Rationalization of supply

There has been some rationalization in US biodiesel and renewable diesel capacity. Larger industry players that have sales and shipping/logistics optionality, operational flexibility as well as operational expertise for understanding how to operate and maintain such a complex asset, may be those best-positioned to withstand the cyclicality of the industry. The advantaged facilities are also likely to have sufficient on-site storage for feedstocks and finished product to withstand any weather event or other disruption. They are likely to also have offsite tank farm storage for both feedstock and finished product flexibility, which could also extend to the ability to make arbitrage decisions involving market timing and time spreads.

SAF conversion opportunity

Some RD producers may choose to co-produce SAF or convert their assets to maximize SAF production given limited substitutes for jet fuels. Commercial airlines have shown a significant public commitment to SAF use. More than 30 airlines have SAF targets and, according to the Air Transport Action Group, more than 45 airlines have signed forward-purchase agreements for the fuel totaling some USD 40 billion.

The timeline for SAF production and cost for conversion will depend on if the operator intends to maximize SAF production. Because of the overlap in the chemical and physical properties of jet and diesel fuel, some RD producers can produce both RD and SAF at the same facility. This may only require an upgrade to a facility’s hydrocracking unit, though this may vary per facility.

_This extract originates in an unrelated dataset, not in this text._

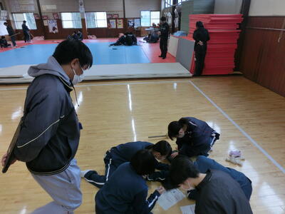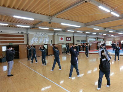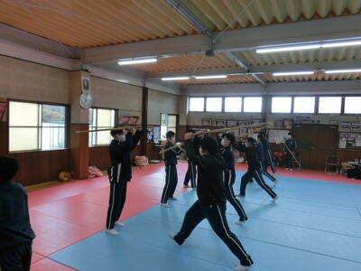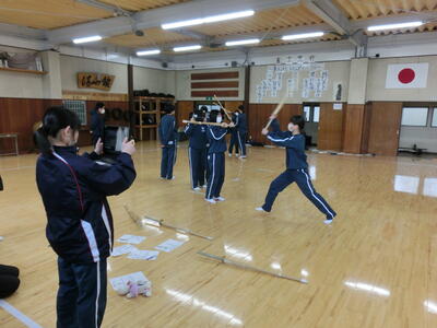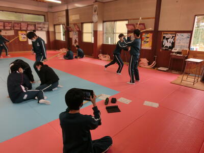 清心館では、保健体育で剣道の研究授業が行われました。多くの先生方が参観する中、一生懸命竹刀を振ります。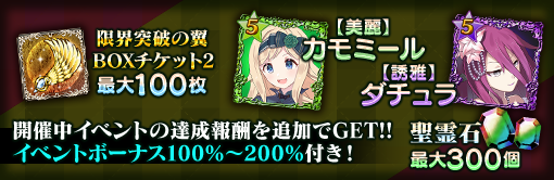 | 限界突破の翼 BOXチケット2 | 最大30個 | 最大60個 | 最大100個 |

Generally, a decision to pursue maximized SAF conversion will be based on the perceived value of the relative RD to SAF value stacks. Outside of the value stack, the lack of any viable substitutes for SAF with increasing government and company-level SAF mandates/targets are a consideration, especially for companies that could undergo conversion to SAF at limited capital outlay and with time-to-market advantage due to existing infrastructure.

Conclusion

Currently, there is no viable substitute for RD across certain key distillate markets. Its chemical properties give it unique functionality versus biodiesel, with no blend wall, high cetane value, and cold flow properties equivalent to conventional diesel. Given the hydrogenation process is central to these chemical advantages, traditional energy companies have been key players in the market segment. This is because of their ownership of existing hydrogenation and ancillary assets, access to industrial hydrogen supply and logistics, and expedited time to market (at lower capital expenditure) due to the ability to convert existing assets. Clean state fuel programs have supported domestic demand. However, the lack of additional guidance on the 45Z and the delay to the 2026 RFS obligations do pose near-term headwinds as the industry awaits greater clarity. The expansion of clean fuels programs to additional states could support additional demand. Renewable fuel mandates in international markets could be potentially supportive of RD market fundamentals, as well as advantaging facilities with strong export optionality.